Ah yes, where was I?
I woke up and immediately felt that there was something wrong. The fibers of my being tingled with the anticipation of horror. And I would not be disappointed. Well, I was disappointed but not for lack of horror. As I rubbed my eyes in the wee hours of the morning, I caught errant food wrappers blowing in the wind. Hm, those food wrappers look very familiar.
I walked out of my friend’s tent that I had been sleeping in (from the night before when I was too terrified of the bison and the Three Horsemen of the Apocalypse traipsing through camp) and saw that my backpack appeared askew and suspiciously empty.
It took a few seconds of basic deductive skills but then I realized what had happened and ran to my backpack to confirm my suspicions.
Yep. All of my food: gone.
THOSE DAMN FOXES. I had thought they were so adorable and cute the day before but now I wanted to make nice little fox muffs out of them.

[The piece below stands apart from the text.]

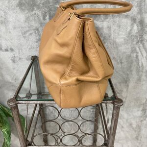 Please see all photos for size and condition details. Tan Brown gold tone hard wear.

I don’t know if I have mentioned this before but I am a high-maintenance eater through a poor grab-bag of genetics that happened when I was conceived – THANKS MOM AND DAD. I am allergic to gluten and dairy and thus, mostly subsist on dairy-free and gluten-free items made by hippies. It also tends to double as bird food. And, as was the case during this backpacking trip, fox food. The point is, my special diet (or “funny diet” as my friend puts it) is expensive. I lost twenty dollars worth of food in one go. My wallet just made a sad face when I typed that out.

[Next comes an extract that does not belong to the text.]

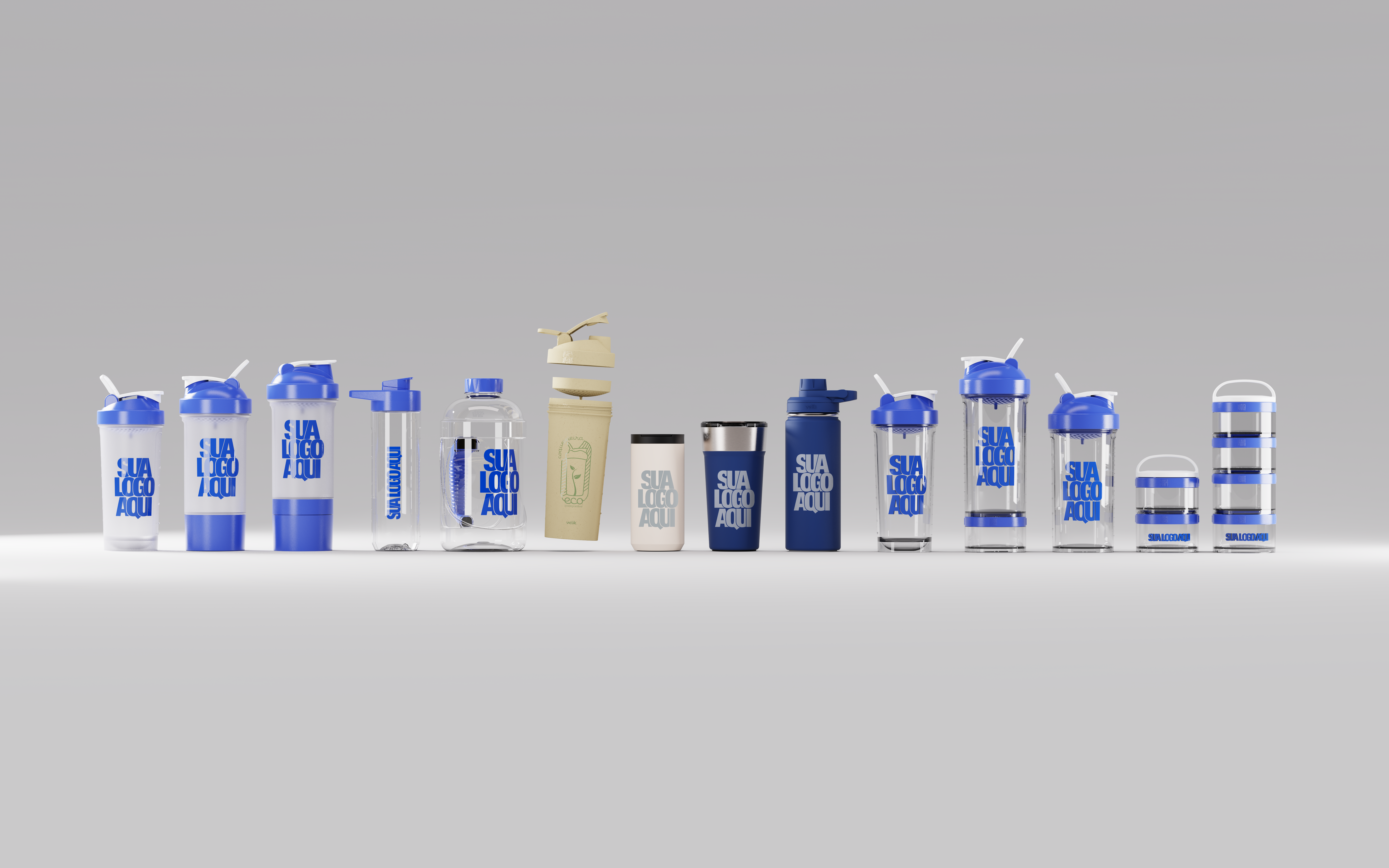 A Velik é líder absoluta nesse segmento: são mais de 1.700 opções de cores e formatos, materiais aprovados pela Anvisa e totalmente livres de BPA (algo que concorrentes nem sempre garantem). Dá para combinar as cores do seu negócio, escolher detalhes transparentes ou opacos, e criar algo que realmente expresse sua identidade visual. O mínimo de 100 unidades permite desde pequenas ações até grandes campanhas em academias, eventos ou vendas em rede.

The foxes ate well, I can assure you. They went into my bag with their muddy little paws and just ran off with the entire bag of food. Yeah, I hear all you backpacking experts yelling at me, “ROOOOOKIE MISTAKE!! AHAHAHA YOU DESERVED IT, DUMMY.”
Well, at the other campsite, I tied my food away from where I was sleeping in a tree. In my sleepless delirium and bison-induced terror, I had forgotten to put my food into a safe area. Or, as we all saw that morning, into the FOOD LOCKERS on the other side of the campsite. Ah, well. Because I would starve otherwise, I had to make the entire camping group trek to the airport again so I could get a few things to tide me over. The whole time I was swearing about those stupid foxes and their stupid scavenging ways.

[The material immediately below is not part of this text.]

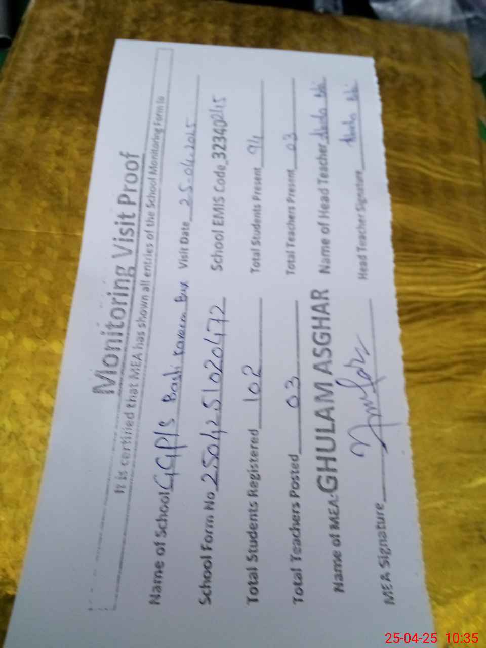 | Attendance Register | Head Teacher | MEA with School | Visit Proof |
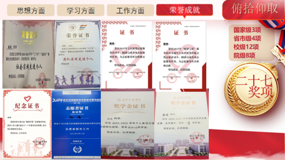 除此之外她还积极参加各类能力提升考试,目前已获得英语四级、全国计算机等级考试二级、普通话二级甲等证书。

Then, a little later, I remembered how cute foxes are and got less mad. They were just doing their job of being sneaky little foxes and my gluten-free food probably fed a newborn fox. So, good job me!!!!! I fed foxes. I hope they got poisoned and die.
JUST KIDDING. I love animals. They’re probably fine, guys. Let’s get back to who was truly affected here: ME.
We made it to the airport restaurant at which point I ate something that tripped one of my allergy wires and immediately felt ill. Unfortunately, on the trail, there is no room for whining so I ate 45132434 TUMS and carried on. Plus, I knew I could come back and whine on my blog.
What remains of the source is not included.